GIVEN DATA:
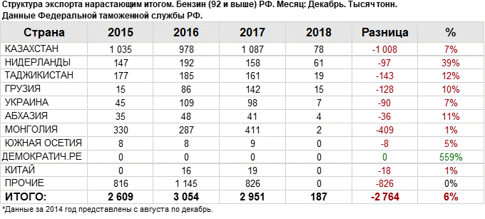 В 2018 году объем поставок бензина (92 и выше) на экспорт достиг 187.04 тыс. тонн. Данный объем на текущий момент составляет 6% от объема прошлого 2017 года.
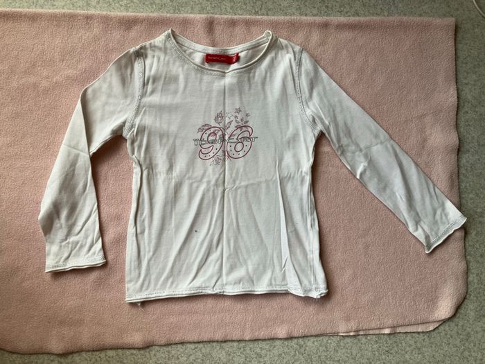 - Haut ML Ïdsport noté 5 ans (108 cm) qui taille plus petit / 100% Coton / Quelques strass en relief / 2 taches sur le devant, peut servir de maillot de corps / 29 cm de largeur sous les bras, 38 cm de longueur.
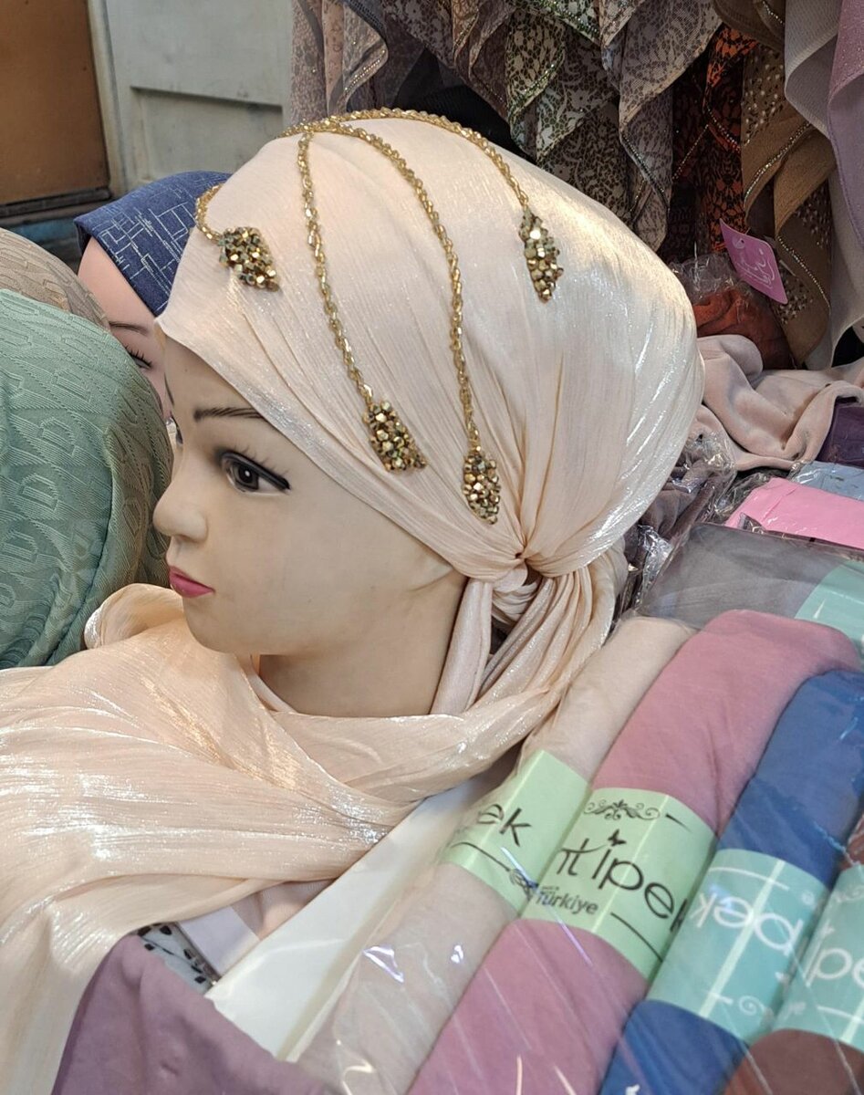 Дубайская органза шарф С пришитым боне
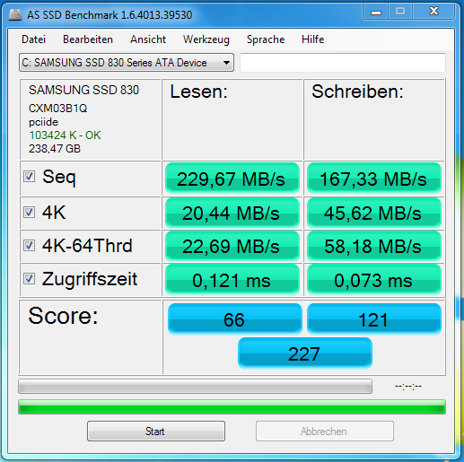 Die Intel 120 G SSD im Laptop ist mit sehr viel schlechteren Werten aus dem Benchmark gekommen.

WORK INSTRUCTION: Excluding images, output exactly the lines from the one that holds "Дубайская органза шарф С пришитым боне" through the final line of the material, both ends included.

OUTPUT FOR THIS EXERCISE:
 Дубайская органза шарф С пришитым боне
 Die Intel 120 G SSD im Laptop ist mit sehr viel schlechteren Werten aus dem Benchmark gekommen.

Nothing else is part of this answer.